No not NOS but pretty close to it, recently serviced so working very well indeed.

Service wasn't carried out by Silverhawk but will be looked after by him in the future, as I have had superb work done by him in the past.

Jon


----------



## luddite (Dec 11, 2009)

I own a few Accutrons but I've never seen one like that before.

I'm having trouble reading the date on the back.

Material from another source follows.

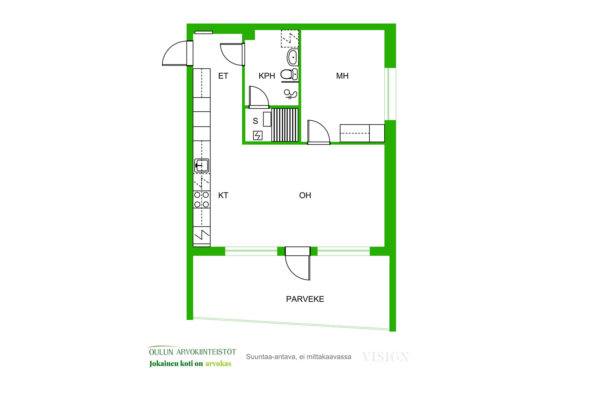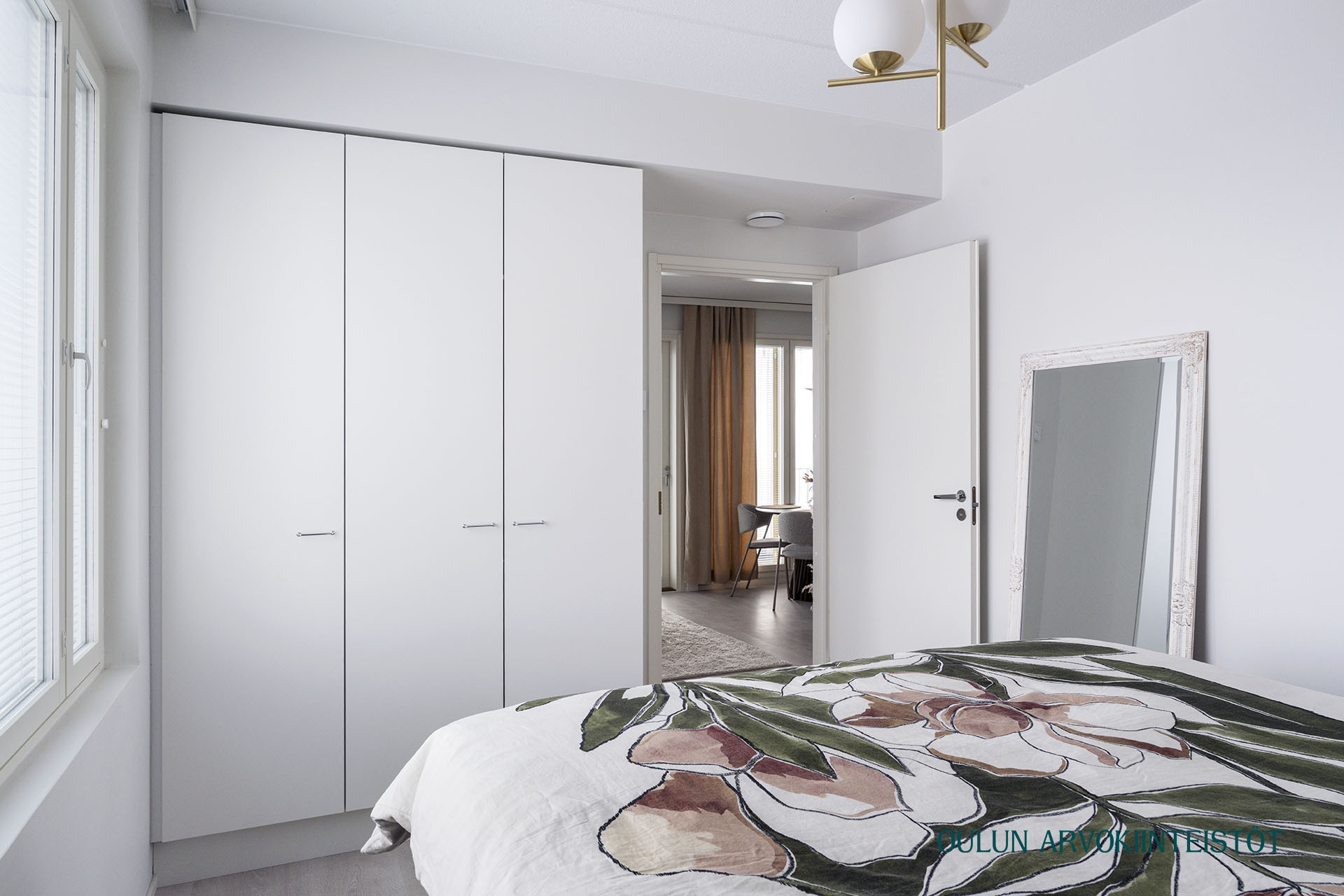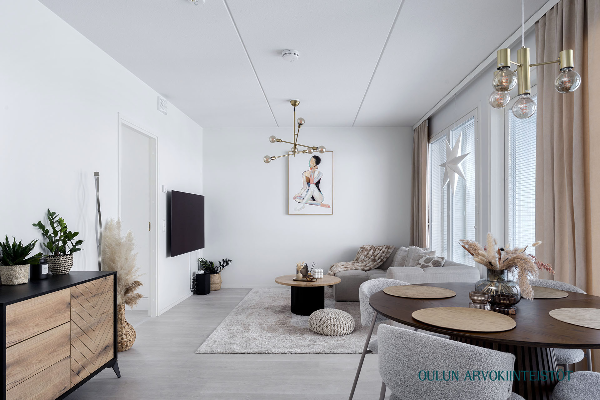 Asunnon pohjaratkaisu on toimiva ja nykyaikainen. Olohuone ja keittiö muodostavat yhtenäisen, avaran kokonaisuuden, joka kutsuu viihtymään. Keittiö on tyylikäs ja ajattoman vaalea, varustettuna laadukkailla kodinkoneilla ja hyvillä säilytysratkaisuilla. Ruokailutila asettuu luontevasti ikkunan ääreen, jossa arjen ja juhlan hetket saavat valoa ja näkymiä.

Looks like M1,which dates it as 1961.


----------



## PC-Magician (Apr 29, 2013)

luddite said:


> I own a few Accutrons but I've never seen one like that before.
> 
> I'm having trouble reading the date on the back.
> 
> Looks like M1,which dates it as 1961.


Nope its 1971


----------



## PDXWatchCollector (Nov 15, 2013)

Anytime an Accutron case evokes the shape of a tuning fork, it's a little special -- nice watch!


----------



## Littlelegs (Dec 4, 2011)

That is very nice. Loving the dial colour. Nice find. Enjoy.


----------



## Mechanical Alarm (Oct 18, 2010)

PDXWatchCollector said:


> Anytime an Accutron case evokes the shape of a tuning fork, it's a little special -- nice watch!


I agree wholeheartedly...:


----------



## Magnetchief (Jul 19, 2013)

Very sweet. Thanks for sharing.


----------



## Mechanical Alarm (Oct 18, 2010)

I knew this looked familiar. A Ricoh with an automatic movement that I found in one of my watch boxes that got buried...:


----------



## GeeBeeFlyer (Jul 19, 2014)

My uncle had one as a kid and I loved the sound it made, still can hear it today?

Wayne


----------